#### Source information ####

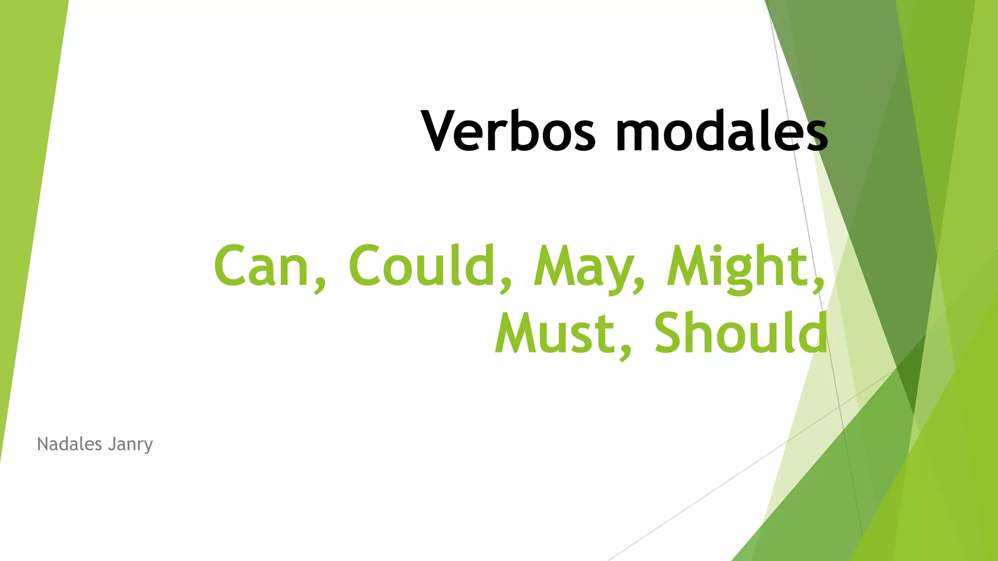 Este documento describe los verbos modales en inglés, incluyendo can, could, may, might, must y should. Explica que estos verbos se usan para expresar modalidad como probabilidad, habilidad, permiso u obligación. Además, carecen de la "s" en la tercera persona del presente, funcionan como verbos auxiliares en preguntas y no cambian de tiempo ni se separan de otros verbos con la partícula "to". Luego, detalla los significados y usos específicos de cada verbo modal.
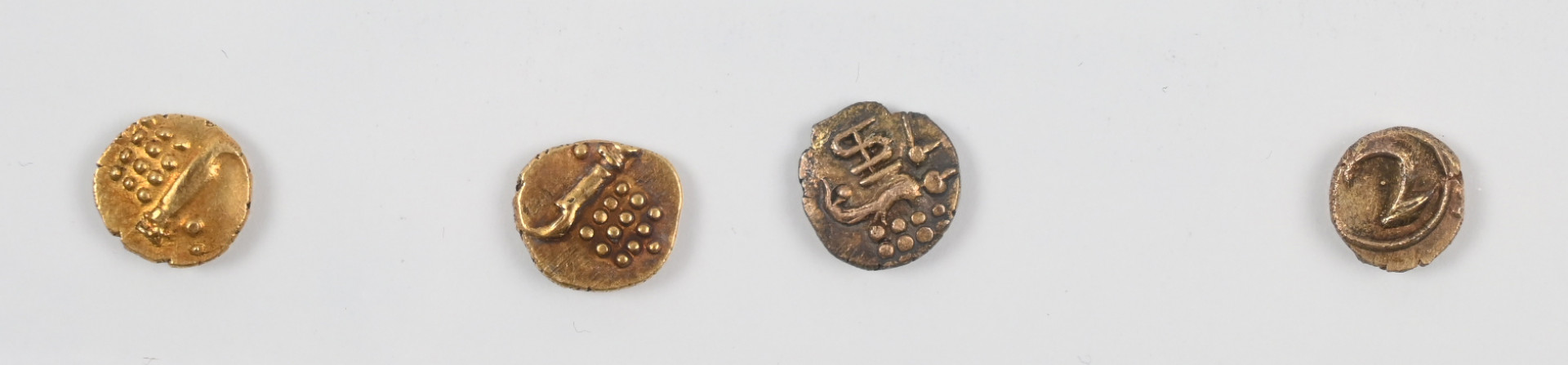 Intian Hindu Dynastia kaksi vanhaa pientä kultalyöntiä 1 Fanam ja lisäksi kaksi muuta vanhaa lyöntiä
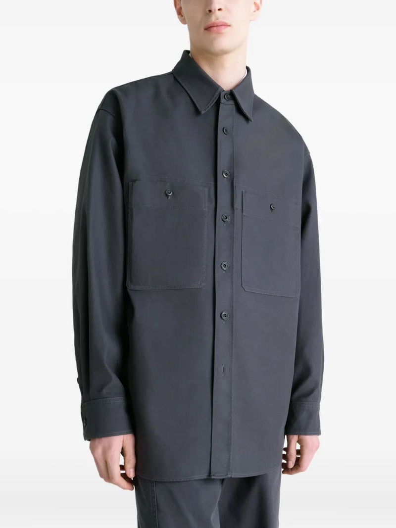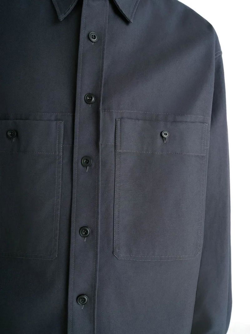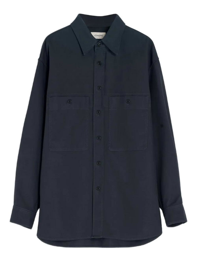 Patch-pocket Twill Overshirt - Blue
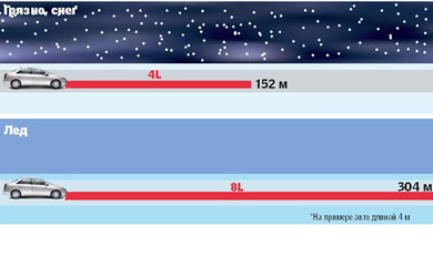 Второй совет - правильно применяйте приемы торможения. Если летом достаточно просто нажать на педаль, то сейчас, на скользкой дороге, просто необходимо помогать этому процессу двигателем, включая пониженные передачи.
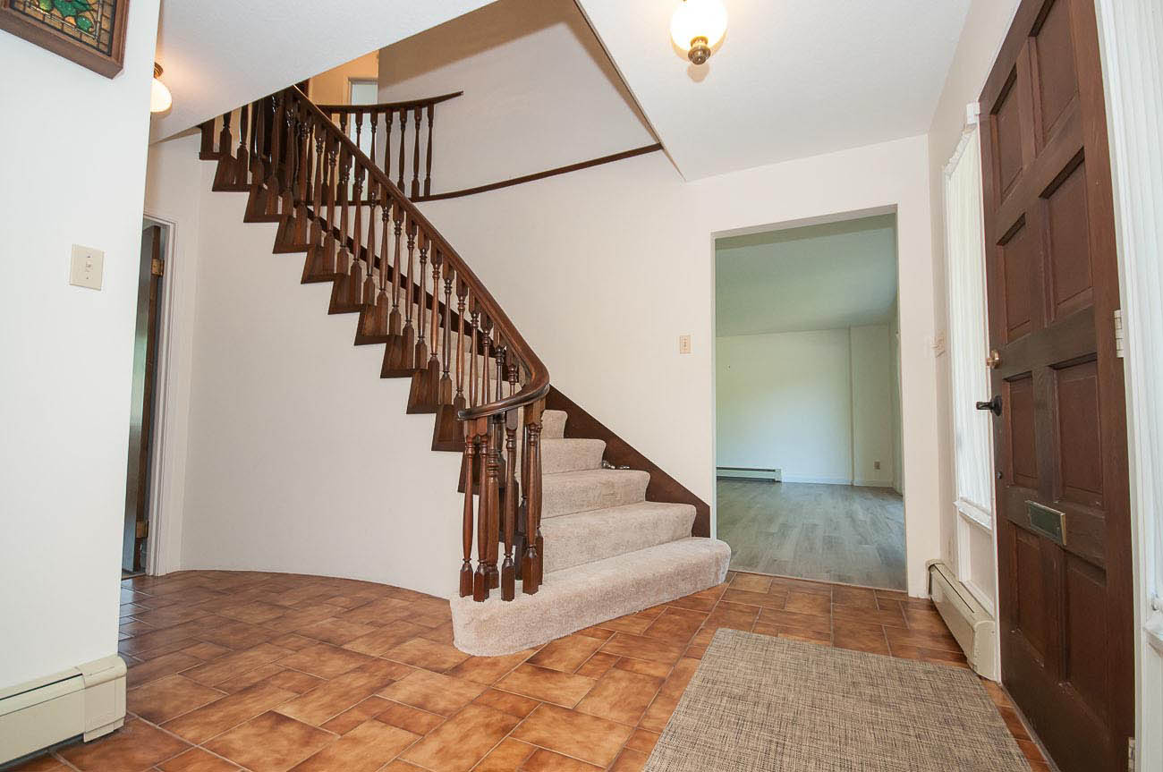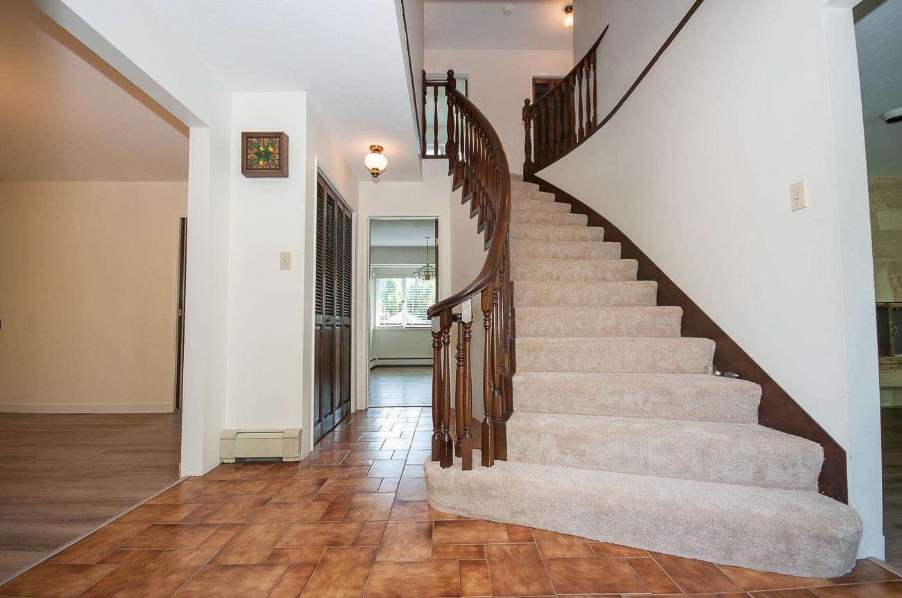 Spacious Tudor home in North Vancouver, Upper Lonsdale. This property is unique, bright and features stylish modern touches. The main living space is perfect for entertaining with an open concept kitchen/living/dining area! The kitchen is equipped with a contemporary design, stainless steel appliances and plenty of cupboard and counter space for whipping up delicious meals. There are 4 spacious bedrooms upstairs, including a large master with walk-in closet and ensuite bath. Wood-like vinyl spans throughout the first floor, while plush carpeting cozies up the bedrooms and second level. The large basement provides additional finished living area as well as plenty of unfinished storage space. An expansive balcony spans the width of the house and offers great extra space for summer BBQ-ing and relaxing with a glass of wine! Above all else, the location of this property is unbeatable! Across the street from Carisbrooke Elementary School, close to public transit, and just minutes from all of the conveniences that Lonsdale and Lynn Valley have to offer. Basement is mostly unfinished and offers excellent storage space! Attached 2 car garage included.

####

### Work required
The lines to be quoted run from the line containing "Intian Hindu Dynastia" through the end of the entries above, both included; quote them exactly and leave out any pictures.

### Output for this task
 Intian Hindu Dynastia kaksi vanhaa pientä kultalyöntiä 1 Fanam ja lisäksi kaksi muuta vanhaa lyöntiä
 Patch-pocket Twill Overshirt - Blue
 Второй совет - правильно применяйте приемы торможения. Если летом достаточно просто нажать на педаль, то сейчас, на скользкой дороге, просто необходимо помогать этому процессу двигателем, включая пониженные передачи.
 Spacious Tudor home in North Vancouver, Upper Lonsdale. This property is unique, bright and features stylish modern touches. The main living space is perfect for entertaining with an open concept kitchen/living/dining area! The kitchen is equipped with a contemporary design, stainless steel appliances and plenty of cupboard and counter space for whipping up delicious meals. There are 4 spacious bedrooms upstairs, including a large master with walk-in closet and ensuite bath. Wood-like vinyl spans throughout the first floor, while plush carpeting cozies up the bedrooms and second level. The large basement provides additional finished living area as well as plenty of unfinished storage space. An expansive balcony spans the width of the house and offers great extra space for summer BBQ-ing and relaxing with a glass of wine! Above all else, the location of this property is unbeatable! Across the street from Carisbrooke Elementary School, close to public transit, and just minutes from all of the conveniences that Lonsdale and Lynn Valley have to offer. Basement is mostly unfinished and offers excellent storage space! Attached 2 car garage included.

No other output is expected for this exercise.